- DVD cover
- Directed by: Jahnu Barua
- Written by: Jahnu Barua Sanjay Chauhan
- Produced by: Anupam Kher
- Starring: Anupam Kher Urmila Matondkar Rajit Kapur Parvin Dabas
- Cinematography: Raaj Chakravarti
- Edited by: Deepa Bhatia
- Music by: Bappi Lahiri Bappa B. Lahiri
- Distributed by: Yash Raj Films
- Release date: 30 September 2005;
- Country: India
- Language: Hindi

= Maine Gandhi Ko Nahin Mara =

Maine Gandhi Ko Nahin Mara is a 2005 Indian Hindi-language drama film, directed by Jahnu Barua and produced by Anupam Kher. The film stars Anupam Kher and Urmila Matondkar.

==Plot==
The film explores the downward spiral of a retired Hindi professor, Uttam Chaudhary, as he falls victim to dementia. After he sees someone carelessly place an ashtray on a newspaper photograph of Mohandas Gandhi, his dementia symptoms get worse.

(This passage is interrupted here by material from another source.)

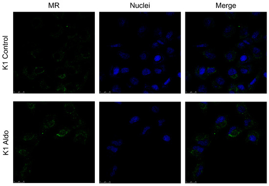 MR was also present in the cytoplasm of the K1 cell line at baseline, but, unlike the BCPAP cell line, nuclear translocation was not detected following treatment with Aldo (Figure 6).

One night his daughter Trisha, played by Urmila Matondkar, and son Karan discover his room on fire. Trisha takes him to a doctor who says nothing can be done.

Then Uttam believes that he killed Gandhi by accidentally playing with a toy gun that had real bullets and shooting Gandhi during his walk in Birla House. So they go see Uttam's brother for details. Uttam's brother says that when they were young, they played darts by filling balloons with red dye and placing them on someone's picture.

One day someone found Gandhi's picture, and Uttam popped a balloon on it while their father saw who believed he killed Gandhi, with Uttam replying "Maine Gandhi Ko Nahin Mara" while his father hit him. Later they go to another doctor named Siddharth, who helps Uttam when he thinks that his house is a jail, and people poisoned his food because he killed Gandhi. Siddharth eats the food, so Uttam knows the food is not poisoned. Later, in court, a gun expert says that a toy gun (which Uttam believes he killed Gandhi with) cannot kill anyone.

==Cast==
- Anupam Kher as Professor Uttam Chaudhary
- Urmila Matondkar as Trisha Chaudhary
- Rajit Kapur as Ronu Chaudhary
- Parvin Dabas as Dr. Siddharth Kothari
- Prem Chopra as Dr. Verma
- Waheeda Rahman as Principal Sunita Khanna
- Boman Irani as Public Prosecutor / Stage Actor
- Sudhir Joshi as Advocate Joshi (also a stage actor)
- Raju Kher as Gattu Chacha, Uttam's childhood friend
- Vishwas Paandya
- Nazneen Ghaani
- Danica Apolline as charity worker

==Reception==
Sukanya Verma of Rediff.com called the film "a masterpiece." She further wrote, "Technically, Maine Gandhi Ko Nahin Maara stands out for its flawless photography by Raaj A Chakarvarthy. The imagery of his shots have their own silent tale to tell. If you think Bappi Lahiri is all about disco, his soulful background score has the last laugh." Jaspreet Pandohar of BBC.com gave the film 4 out of 5, writing, "Realistic and refreshing in approach, Maine Gandhi Ko Nahin Mara is the kind of thought-provoking, non-musical film Bollywood is capable of making but sadly rarely does. It's only thanks to Kher's efforts as lead actor and producer that neglected issues like senile dementia and the erosion of Gandhian ideologies in contemporary India have made it to the big screen. Boasting mature treatment from Barua, and a moving performance by Kher as an intellectual who becomes a prisoner of his own mind, this movie has the potential to appeal to diverse audiences."

Conversely, Taran Adarsh of IndiaFM gave the film 1 out of 5, writing, "On the whole, MAINE GANDHI KO NAHIN MARA is the kind of cinema that may meet with diverse reactions. While the critics, the festival circuit and mature audiences [a tiny segment of moviegoers] may go for it, the majority might find the experience too theatrical."

Anupam Kher won a Special Jury Award at the 53rd National Film Awards. He also received awards at several international film festivals. Matondkar was also much appreciated for playing the caring daughter of Kher and won the Bollywood Movie Award - Best Actress for her performance.